## About this exercise
Skip the pictures. Output only the lines below starting at the line with "This dramatic dark" and ending at the line with "Wir bieten Ihnen", both ends included, exactly as they are.

[Records for the exercise — start]

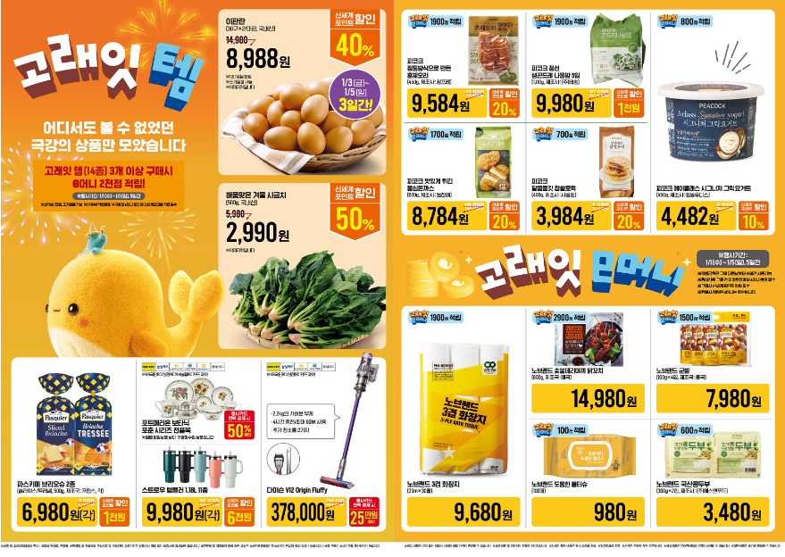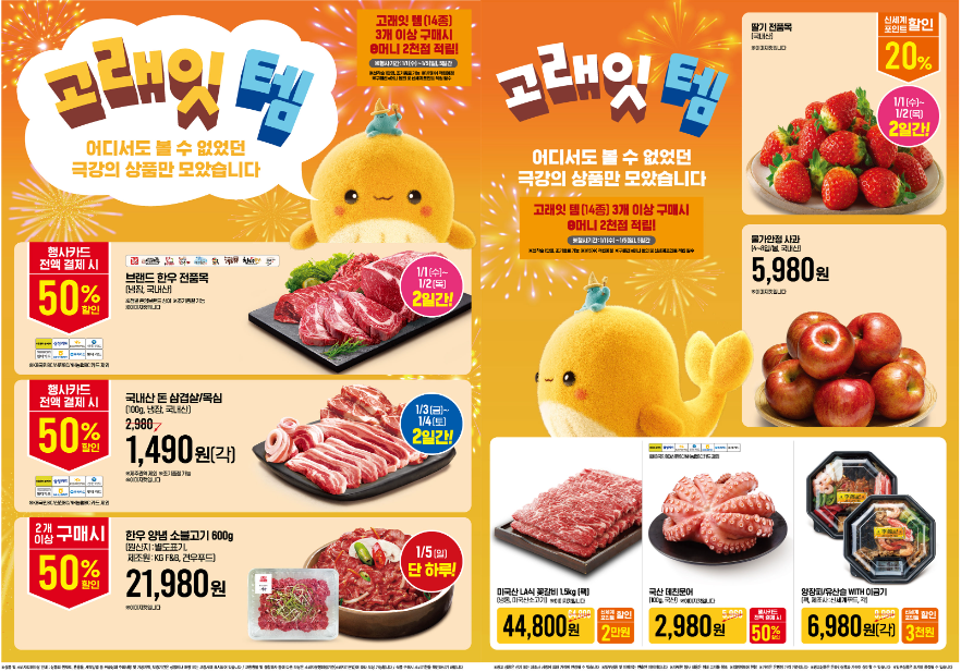 - 1월 3일 ~ 4일: 국내산 돼지 삼겹살/목심 50% 할인 (행사 카드 결제 시)
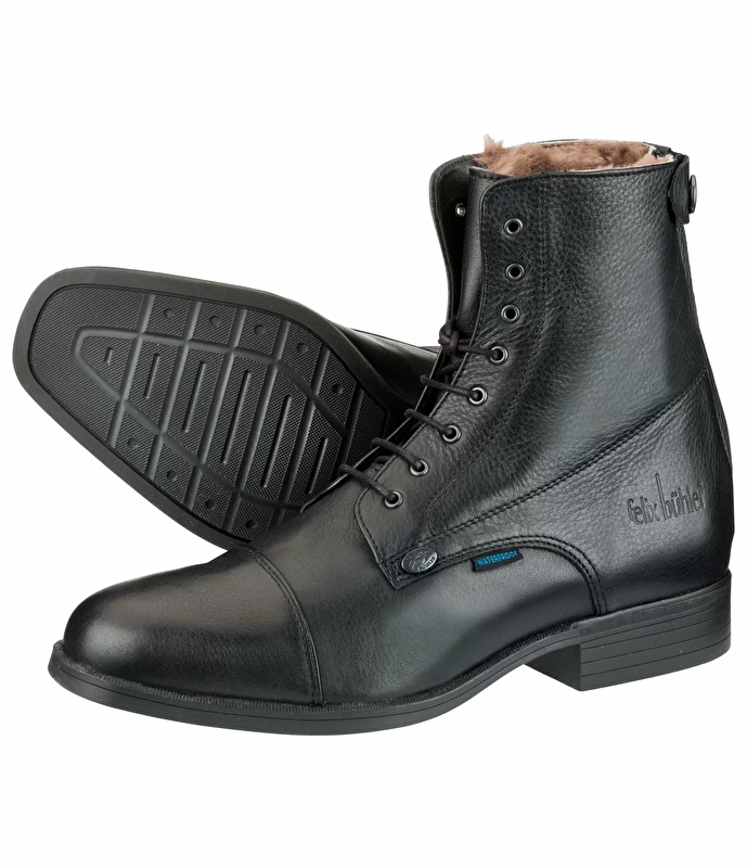 Botki zimowe Torino w wersji PRO posiadają również wodoodporną membranę oraz uszczelkę na tylnym zamku, która zapobiega przedostawaniu się śniegu. Dodatkowo wyjmowana wkładka ze skóry jagnięcej pokryta jest od spodu warstwą aluminium, która chroni przed zimnem. W niezmienionej wersji podstawowej, sznurowane botki wykonane są z włoskiej skóry licowej i wyłożone od wewnątrz prawdziwą skórą jagnięcą. Wyprodukowano w Portugalii.
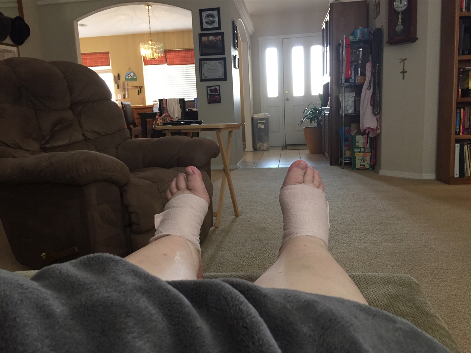 - Take care of your feet! I had wrapped my feet in such a way for flat walking, not anticipating the off-road sand trails (where I tend to walk more on the sides of my feet). I busted my feet up royally–enough to warrant a visit to the doctor this afternoon because I’m concerned how torn up they are. This was my poor feet yesterday, all bandaged to keep the wounds clean and dry until I get them checked out. Thankfully, my feet aren’t in pain.
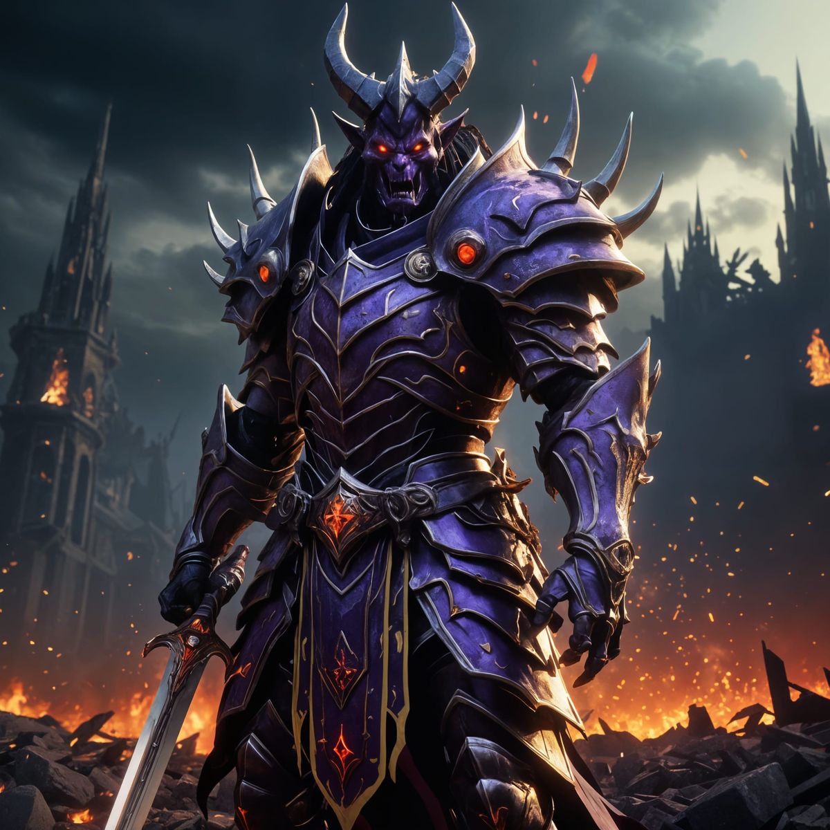 This dramatic dark fantasy artwork depicts a powerful demon lord standing atop a burning battlefield, wielding a massive, rune-engraved sword that crackles with dark energy. The scene is rendered in breathtaking 8K HDR with intricate details and dynamic lighting.
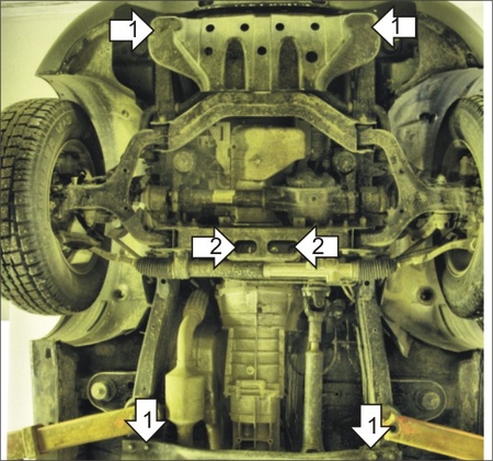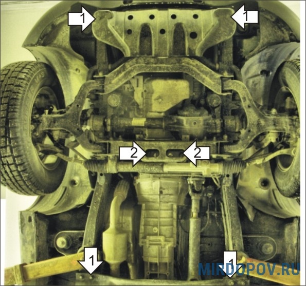 Для обеспечения безопасности передних пассажиров, производитель оставил открытыми задние точки крепления к кузову, чтобы защита не препятствовала двигателю уйти вниз, при лобовом столкновении.
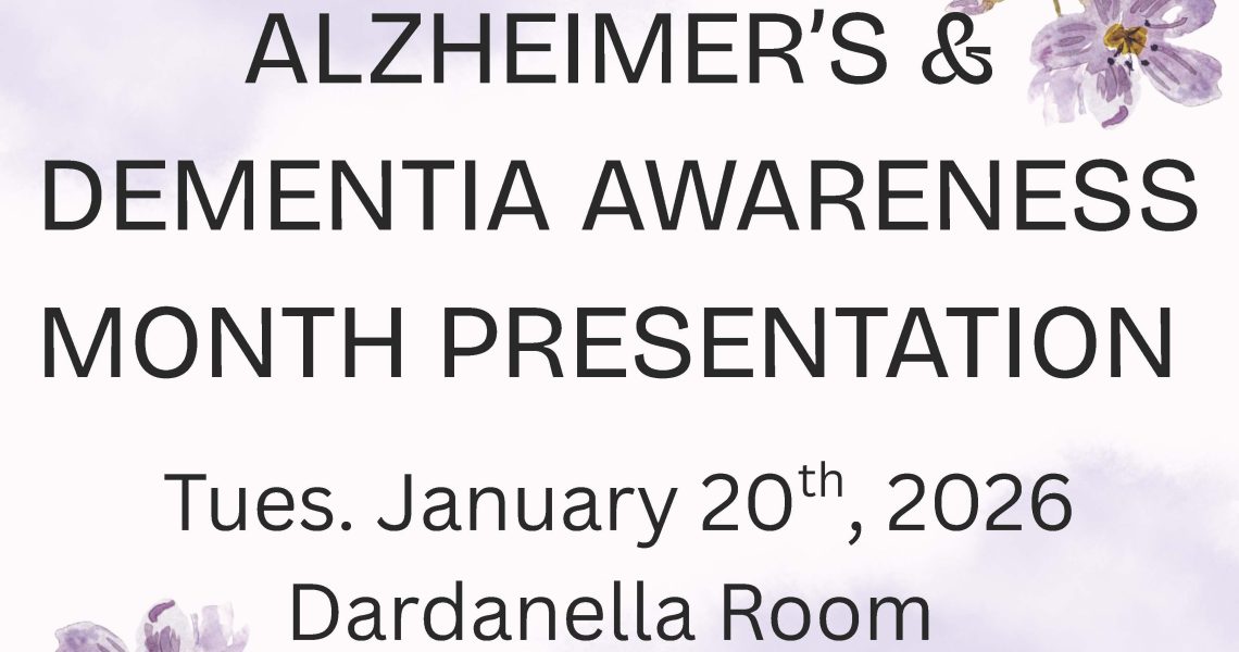 Alzheimer’s & Dementia Awareness Month Presentation will be held at Waterside Retirement Home on Tuesday, January 20th, 2026, at 10:30 am in the Dardanella Room.
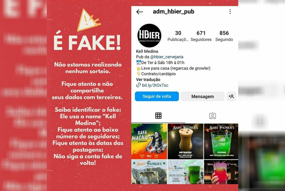 A ideia é que não sejam reverberadas informações falsas, mas também serve como alerta para golpes, como o que está sendo aplicado em nome de cervejarias de Santa Cruz. Uma delas é a HBier. Perfil falso no Instagram tem divulgado falsas promoções. A casa alerta para que sejam observados os números de seguidores dos perfis e as datas de postagens.
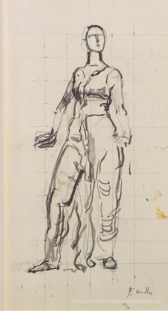 Wir bieten Ihnen eine handgefertigte Reproduktion auf Leinwand des berühmten Kunstwerks 'Stehende Gewandfigur' von Ferdinand Hodler, aus dem Reproduktionsmuseum.
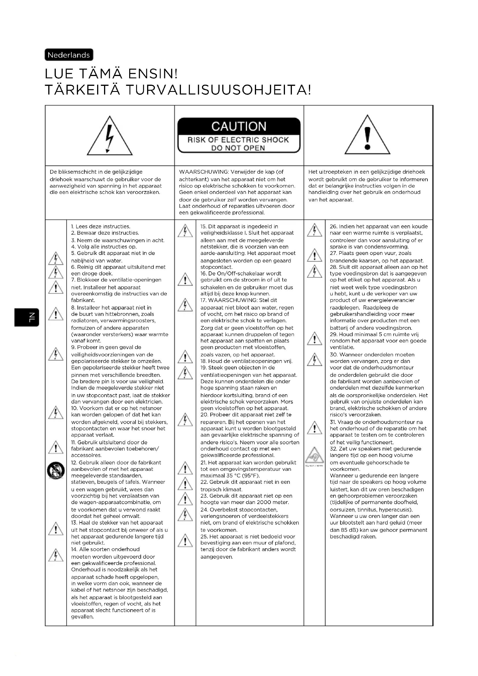 - Poids 5,95 kg (13.1 lbs) 9,4 kg (20.7 lbs)NL LUE TÄMÄ ENSIN! TÄRKEITÄ TURVALLISUUSOHJEITA! Nederlands De bliksemschicht in de gelijkzijdige driehoek waarschuwt de gebruiker voor de aanwezigheid van spanning in het apparaat die een elektrische schok kan veroorzaken. WAARSCHUWING: Verwijder de kap (of achterkant) van het apparaat niet om het risico op elektrische schokken te voorkomen. Geen enkel onderdeel van het apparaat kan door de gebruiker zelf worden vervangen. Laat onderhoud of reparaties uitvoeren door een gekwalificeerde professional. Het uitroepteken in een gelijkzijdige driehoek wordt gebruikt om de gebruiker te informeren dat er belangrijke instructies volgen in de handleiding over het gebruik en onderhoud van het apparaat.
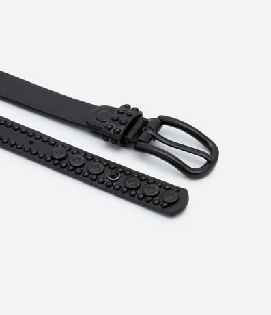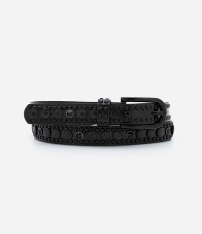 Ref: Cinto feminino estreito com fivela diferenciada, passante e com aplicação de tachas ao longo de toda a peça.
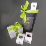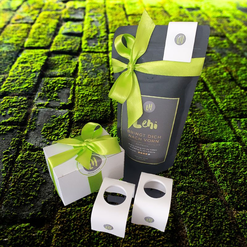 So macht Schenken mit Stil einfach nur Spaß. Das Geschenkset umfasst zwei stylische Eierbecher aus dem Mineralienwerkstoff Corian, 250 Gramm erlesenen Leni-Espresso und einen praktischer Corian-Kaffeeclip.

[Records for the exercise — finish]

## Reply
 This dramatic dark fantasy artwork depicts a powerful demon lord standing atop a burning battlefield, wielding a massive, rune-engraved sword that crackles with dark energy. The scene is rendered in breathtaking 8K HDR with intricate details and dynamic lighting.
 Для обеспечения безопасности передних пассажиров, производитель оставил открытыми задние точки крепления к кузову, чтобы защита не препятствовала двигателю уйти вниз, при лобовом столкновении.
 Alzheimer’s & Dementia Awareness Month Presentation will be held at Waterside Retirement Home on Tuesday, January 20th, 2026, at 10:30 am in the Dardanella Room.
 A ideia é que não sejam reverberadas informações falsas, mas também serve como alerta para golpes, como o que está sendo aplicado em nome de cervejarias de Santa Cruz. Uma delas é a HBier. Perfil falso no Instagram tem divulgado falsas promoções. A casa alerta para que sejam observados os números de seguidores dos perfis e as datas de postagens.
 Wir bieten Ihnen eine handgefertigte Reproduktion auf Leinwand des berühmten Kunstwerks 'Stehende Gewandfigur' von Ferdinand Hodler, aus dem Reproduktionsmuseum.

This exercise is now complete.